От этой мысли я даже выпрямился и, должно быть, скривился, потому что Хэмбро, поставив локти на подлокотники кресла и сложив домиком пальцы, вздернул брови, словно ожидая продолжения. А через некоторое время сказал:
— Дисциплинированные члены поймут.
Я вытащил из кармана звено из цепи Тарпа и надел его на костяшки пальцев. Хэмбро не заметил.
— Разве ты не понимаешь, что дисциплинированных членов почти не осталось? Сегодня на похороны пришли сотни людей, но они отколются, когда увидят, что мы не доводим дело до конца. Теперь на нас уже нападают на улицах. Неужели ты не понимаешь? Другие группы распространяют петиции, Рас призывает к насилию. Комитет ошибается, если думает, что шумиха утихнет.
Он пожал плечами.
— Мы должны рискнуть. Все мы должны жертвовать собой ради общего блага. Без жертв не бывает перемен. Мы следуем законам реального мира, поэтому и приносим жертвы.
— Но общество требует равенства в этом вопросе, — сказал я. — Особого отношения мы никогда не просили.
— Все не так просто, брат, — продолжал он. — Мы должны защищать наши достижения. От некоторых неизбежно потребуется больше жертв, чем от других.
— Под «некоторыми» ты имеешь в виду моих людей?
— В данном случае — именно так.
— То есть слабые должны приноситься в жертву сильным? Так, брат?
— Нет, в жертву приносится часть целого, и так будет продолжаться вплоть до формирования нового общества.
— Не понимаю, — сказал я. — Ничего не понимаю. Мы прилагаем все силы к тому, чтобы увлечь людей своими идеями, а когда они выбирают нас, когда осознают свою причастность к происходящему, мы их бросаем. Это выше моего понимания.
Хэмбро сдержанно улыбнулся.
— Не нужно переживать об агрессивном поведении негров. Ни в ходе нового периода, ни в ходе какого-либо другого. Проще говоря, сейчас мы должны охладить их пыл для их же блага. Это научно обусловленная необходимость.
Я вглядывался в его длинное, скуластое лицо, почти как у Линкольна. Хэмбро мог бы вызывать у меня теплые чувства, думал я, он выглядит по-настоящему добрым и искренним человеком — и в то же время бросается такими словами…
— Значит, ты действительно в это веришь, — тихо произнес я.
— Со всей искренностью, — подтвердил он.
На миг я испугался, что вот-вот расхохочусь.
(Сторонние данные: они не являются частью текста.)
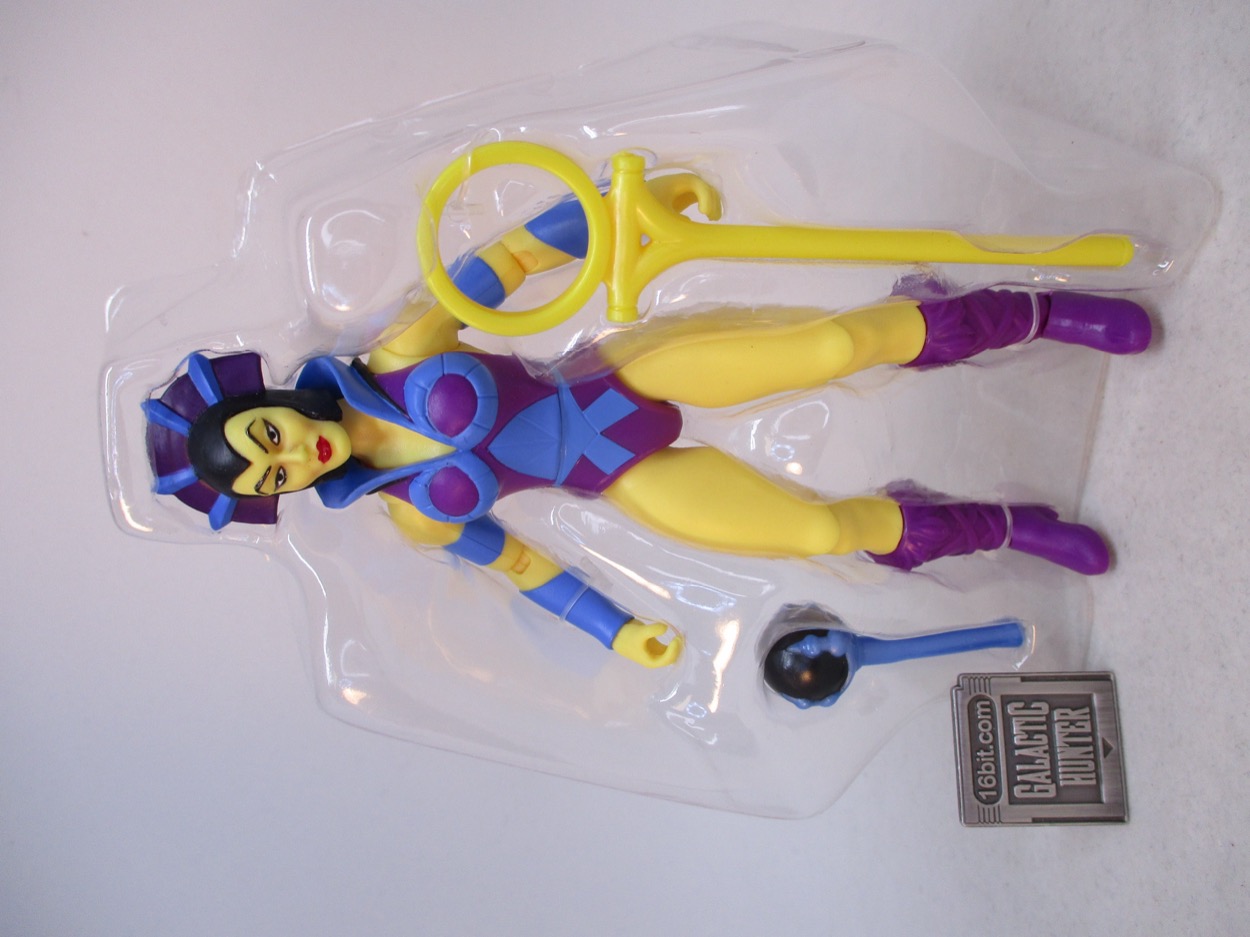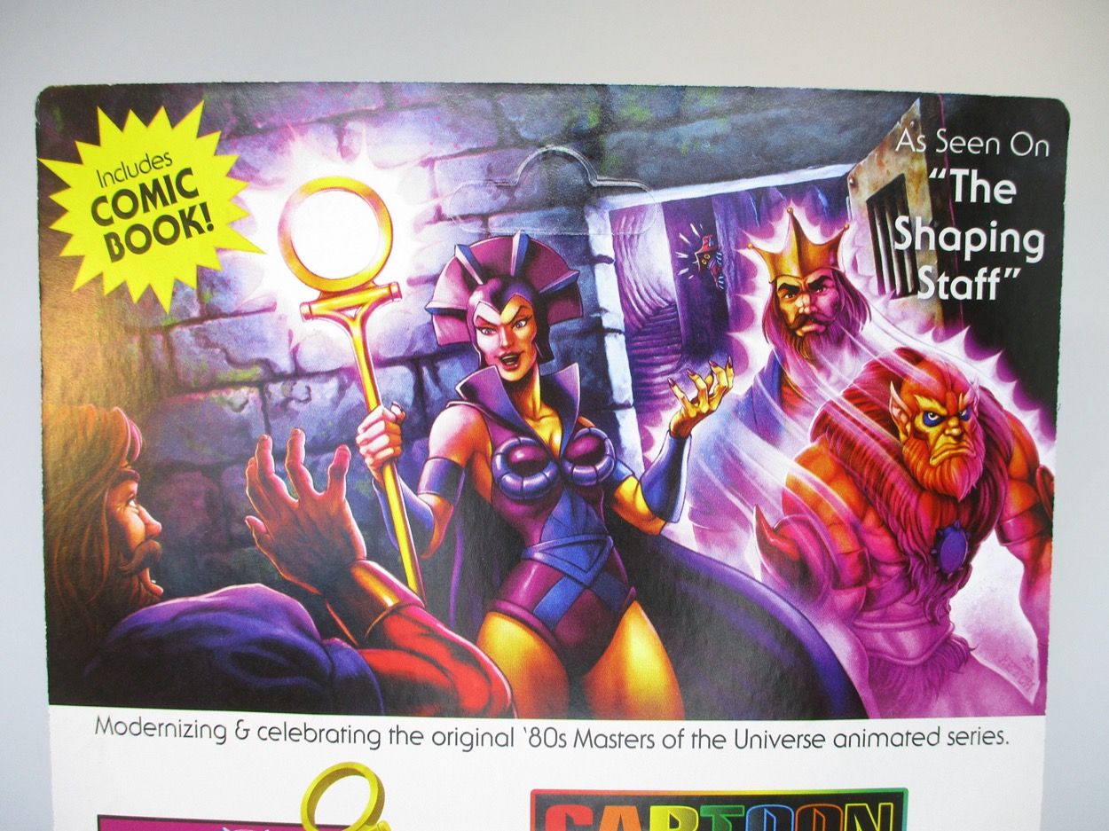 Her bonus accessory is the Shaping Staff, a yellow artifact from an episode of the same name. It looks a lot like the toy, and I appreciate these little details being brought into the world of toys without being part of an accessory pack. Also, it helps her stand apart from the Mattel Filmation Evil-Lyn [FOTD #1,596] which did have a cape, and whose colors do tend to match fans' memories of the show a little more closely. Were this version to come out first, maybe it would have been the colorway fans think of when it comes to the cartoon design.

Или пущу в дело звено Тарпа. Искренность! Это он талдычит мне об искренности! Я описал в воздухе круг. Свою искренность я взращивал работой в Братстве, а теперь все обернулось то ли водой, то ли воздухом. Что есть искренность? Какое отношение она имеет к миру, в котором существует и процветает Райнхарт?
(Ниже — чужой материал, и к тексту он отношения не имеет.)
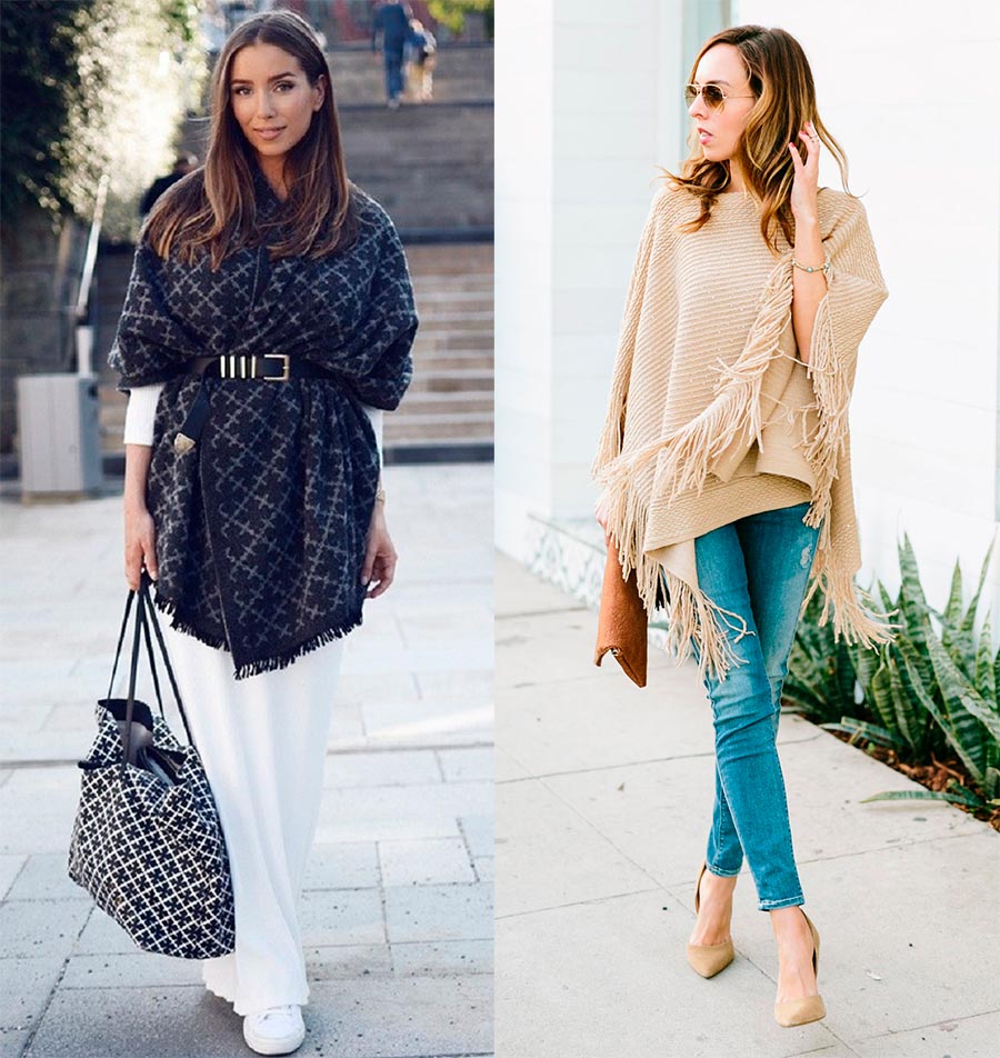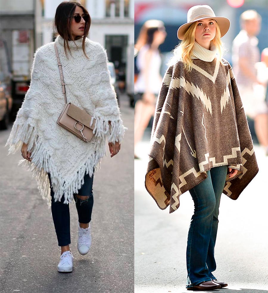 poncho (Zimmermann, Sally LaPointe). C'est une solution excellente et très simple : avec un minimum de compétences en tricot, vous pouvez «créer» vous-même un poncho. Il n'a qu'une fente pour la tête et le poncho s'enfile par dessus la tête. Il n'y a pas de manches, mais le corps est parfaitement réchauffé justement parce qu'il est à l'intérieur de la cape. Le poncho peut être enveloppant et même avec une ceinture, mais toujours sans manches.

— Но что изменилось? — спросил я. — Разве меня привлекли не для того, чтобы пробудить в наших людях агрессию?
Мой голос затуманился печалью и сник.
— На определенный период, — сказал Хэмбро, слегка наклонившись вперед. — Лишь на определенный период.
— И что дальше? — спросил я.
Он выпустил кольцо дыма: сине-серый обод поднялся вверх, закрутился в своей собственной струящейся форме, ненадолго завис, а потом распался на тонкие нити.
— Не падай духом! — воскликнул Хэмбро. — Мы будем развиваться. Только теперь нужно вести за собой людей без спешки.
«Как бы он выглядел через зеленые линзы?» — подумал я и выдал:
— Ты уверен, что не имел в виду необходимость их сдерживать?
Он усмехнулся.
— Послушай, — сказал он, — не трудись распинать меня на дыбе диалектики. Я — брат.
— То есть, по-твоему, на старое колесо истории нужно приладить новые тормоза? — уточнил я. — Или вся загвоздка — в маленьких колесиках внутри большого колеса?
Хэмбро посерьезнел.
— Я лишь хочу сказать, что нужно притормозить. Нельзя допустить разрушения генерального плана. Правильно рассчитать время — вот что важно. Кроме того, при тебе остается твоя работа, только теперь она станет более просветительской.
— А что насчет убийства Клифтона?
— Недовольные уйдут, а ты будешь учить тех, кто останется…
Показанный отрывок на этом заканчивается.